**Supplied data**
○ ○ ○ ○ ○ ○ ○

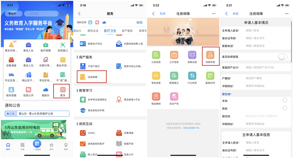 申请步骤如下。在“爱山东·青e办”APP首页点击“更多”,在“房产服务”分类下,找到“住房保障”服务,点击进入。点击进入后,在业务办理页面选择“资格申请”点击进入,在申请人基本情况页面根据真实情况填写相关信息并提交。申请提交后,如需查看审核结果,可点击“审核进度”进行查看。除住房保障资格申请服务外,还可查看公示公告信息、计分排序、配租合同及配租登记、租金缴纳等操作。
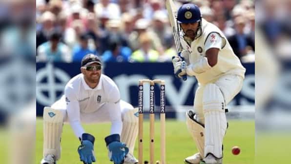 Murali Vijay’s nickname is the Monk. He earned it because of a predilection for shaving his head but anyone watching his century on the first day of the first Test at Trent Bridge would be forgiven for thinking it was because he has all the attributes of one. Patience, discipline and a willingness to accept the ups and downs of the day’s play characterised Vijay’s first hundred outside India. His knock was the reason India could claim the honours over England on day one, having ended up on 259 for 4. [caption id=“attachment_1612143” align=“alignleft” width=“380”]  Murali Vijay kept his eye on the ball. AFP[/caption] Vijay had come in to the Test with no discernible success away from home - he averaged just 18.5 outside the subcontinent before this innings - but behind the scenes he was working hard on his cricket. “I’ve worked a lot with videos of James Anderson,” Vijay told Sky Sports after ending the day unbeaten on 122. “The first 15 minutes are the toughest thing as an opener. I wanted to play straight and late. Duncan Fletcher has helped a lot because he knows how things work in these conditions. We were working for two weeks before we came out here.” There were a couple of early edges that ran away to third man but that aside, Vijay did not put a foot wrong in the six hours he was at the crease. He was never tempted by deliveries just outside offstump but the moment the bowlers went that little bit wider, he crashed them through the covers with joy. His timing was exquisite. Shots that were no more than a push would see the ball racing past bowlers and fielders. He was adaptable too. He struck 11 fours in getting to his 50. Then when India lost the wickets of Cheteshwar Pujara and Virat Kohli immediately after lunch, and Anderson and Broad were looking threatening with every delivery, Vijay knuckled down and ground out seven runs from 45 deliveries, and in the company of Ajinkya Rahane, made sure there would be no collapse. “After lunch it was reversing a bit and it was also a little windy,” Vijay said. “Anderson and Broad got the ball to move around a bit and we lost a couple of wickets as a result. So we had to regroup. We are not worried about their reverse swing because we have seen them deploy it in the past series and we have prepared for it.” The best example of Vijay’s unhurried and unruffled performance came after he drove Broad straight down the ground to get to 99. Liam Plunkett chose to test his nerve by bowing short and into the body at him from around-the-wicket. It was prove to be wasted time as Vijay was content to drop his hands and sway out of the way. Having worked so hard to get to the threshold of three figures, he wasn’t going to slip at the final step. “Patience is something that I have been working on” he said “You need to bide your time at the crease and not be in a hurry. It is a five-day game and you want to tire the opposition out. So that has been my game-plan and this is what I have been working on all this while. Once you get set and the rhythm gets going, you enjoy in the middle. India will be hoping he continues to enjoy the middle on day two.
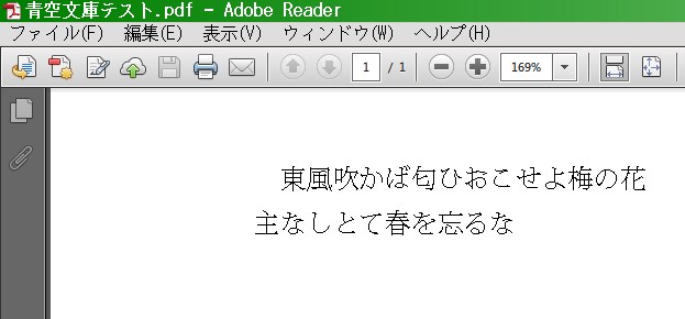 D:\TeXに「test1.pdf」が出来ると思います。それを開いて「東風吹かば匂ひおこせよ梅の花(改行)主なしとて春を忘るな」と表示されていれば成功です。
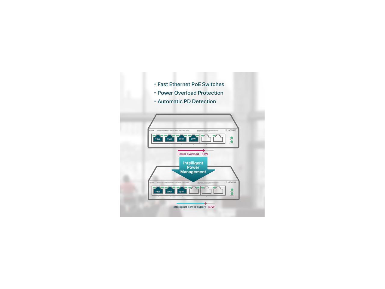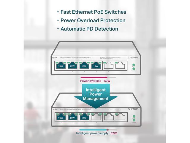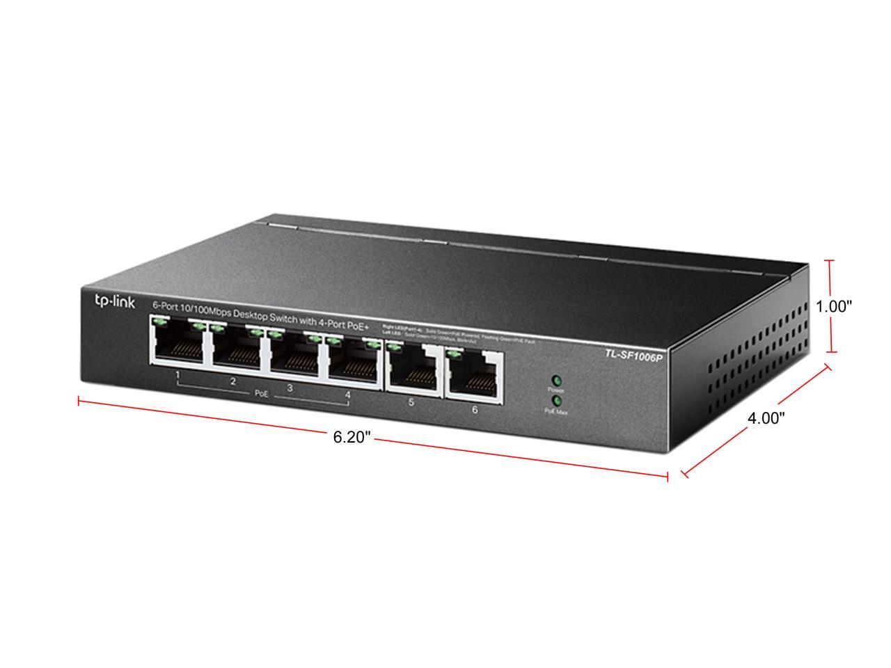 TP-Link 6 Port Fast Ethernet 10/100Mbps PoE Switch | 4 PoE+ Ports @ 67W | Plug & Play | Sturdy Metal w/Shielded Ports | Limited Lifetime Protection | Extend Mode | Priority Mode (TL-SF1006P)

○ ○ ○ ○ ○ ○ ○

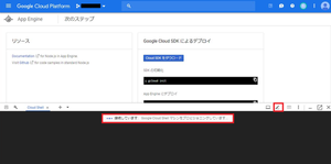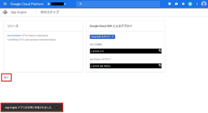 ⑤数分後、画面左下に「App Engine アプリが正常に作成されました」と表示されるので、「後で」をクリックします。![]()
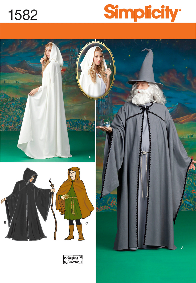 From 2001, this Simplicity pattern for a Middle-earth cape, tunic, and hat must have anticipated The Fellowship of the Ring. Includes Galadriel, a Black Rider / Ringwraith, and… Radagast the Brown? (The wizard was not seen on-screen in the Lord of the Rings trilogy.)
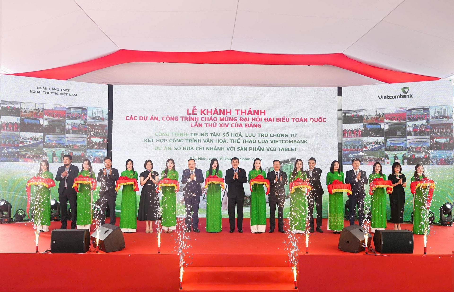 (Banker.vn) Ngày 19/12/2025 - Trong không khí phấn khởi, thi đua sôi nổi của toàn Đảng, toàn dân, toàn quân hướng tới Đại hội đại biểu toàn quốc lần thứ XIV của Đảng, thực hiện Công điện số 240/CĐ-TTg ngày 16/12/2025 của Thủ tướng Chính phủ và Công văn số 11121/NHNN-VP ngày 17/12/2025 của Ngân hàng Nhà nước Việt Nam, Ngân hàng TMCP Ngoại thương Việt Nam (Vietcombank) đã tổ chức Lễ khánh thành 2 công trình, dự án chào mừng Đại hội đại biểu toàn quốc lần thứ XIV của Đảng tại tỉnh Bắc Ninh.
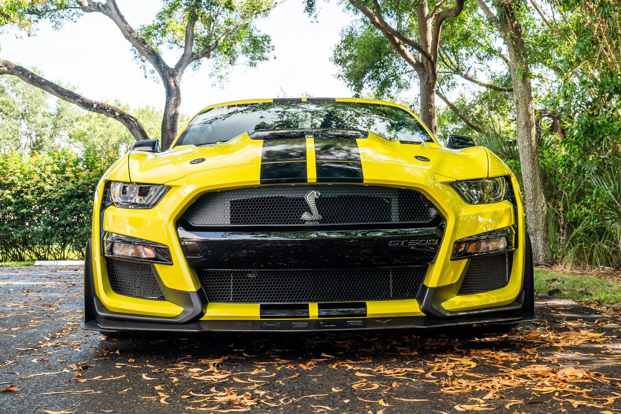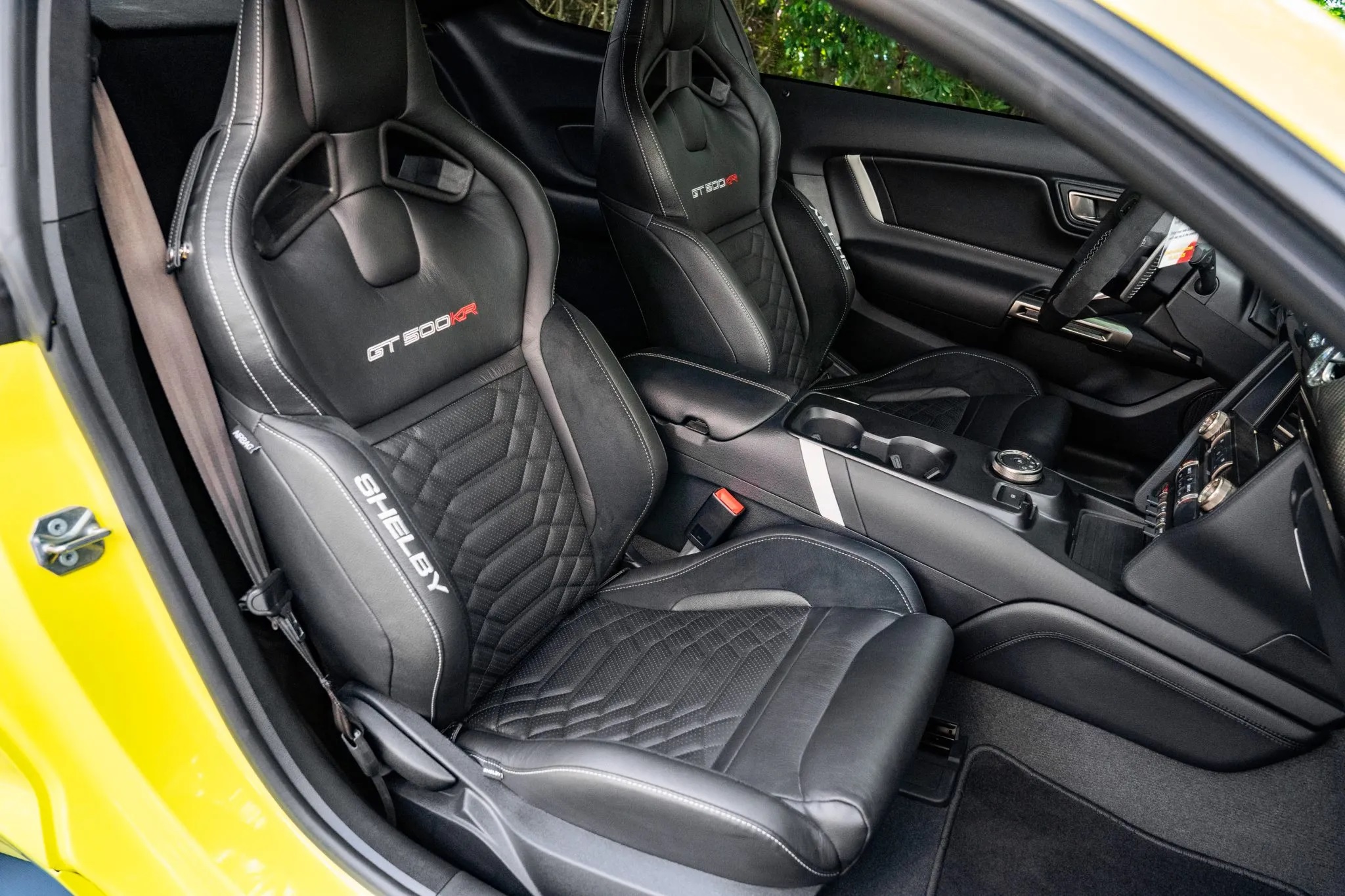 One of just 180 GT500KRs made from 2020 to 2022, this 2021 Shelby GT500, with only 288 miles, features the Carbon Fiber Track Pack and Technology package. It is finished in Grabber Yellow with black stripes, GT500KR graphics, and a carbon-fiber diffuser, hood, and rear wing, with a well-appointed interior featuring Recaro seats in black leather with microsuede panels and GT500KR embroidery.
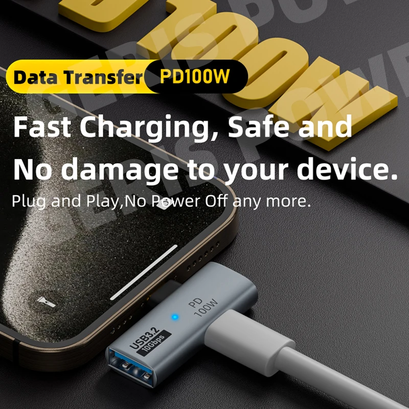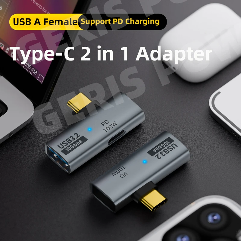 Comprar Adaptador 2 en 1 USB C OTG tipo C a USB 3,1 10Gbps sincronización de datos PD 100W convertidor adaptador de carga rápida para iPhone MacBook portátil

○ ○ ○ ○ ○ ○ ○

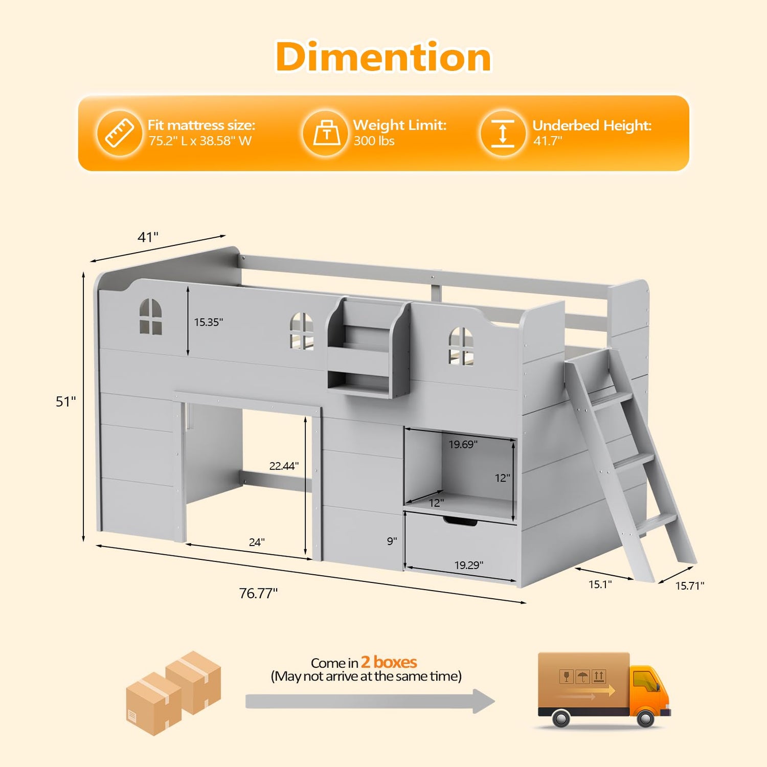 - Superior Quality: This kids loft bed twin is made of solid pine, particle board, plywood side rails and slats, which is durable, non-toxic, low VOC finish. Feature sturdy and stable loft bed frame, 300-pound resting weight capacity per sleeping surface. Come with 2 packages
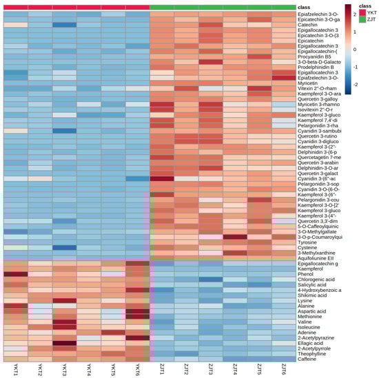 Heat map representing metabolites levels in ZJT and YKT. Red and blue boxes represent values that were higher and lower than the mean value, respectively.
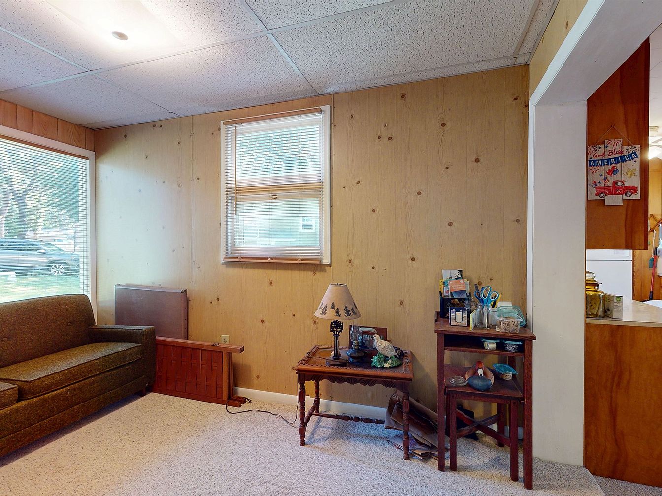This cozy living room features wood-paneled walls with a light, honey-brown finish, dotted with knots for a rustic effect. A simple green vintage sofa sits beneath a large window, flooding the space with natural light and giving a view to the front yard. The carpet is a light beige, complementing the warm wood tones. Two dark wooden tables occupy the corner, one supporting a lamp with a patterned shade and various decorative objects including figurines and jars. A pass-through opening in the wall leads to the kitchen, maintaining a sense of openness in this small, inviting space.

○ ○ ○ ○ ○ ○ ○

**Task details**
From the line with "- Superior Quality: This" up to and including the line with "Heat map representing" above, retype every line exactly and nothing more; leave out the pictures.

**Your solution**
 - Superior Quality: This kids loft bed twin is made of solid pine, particle board, plywood side rails and slats, which is durable, non-toxic, low VOC finish. Feature sturdy and stable loft bed frame, 300-pound resting weight capacity per sleeping surface. Come with 2 packages
 Heat map representing metabolites levels in ZJT and YKT. Red and blue boxes represent values that were higher and lower than the mean value, respectively.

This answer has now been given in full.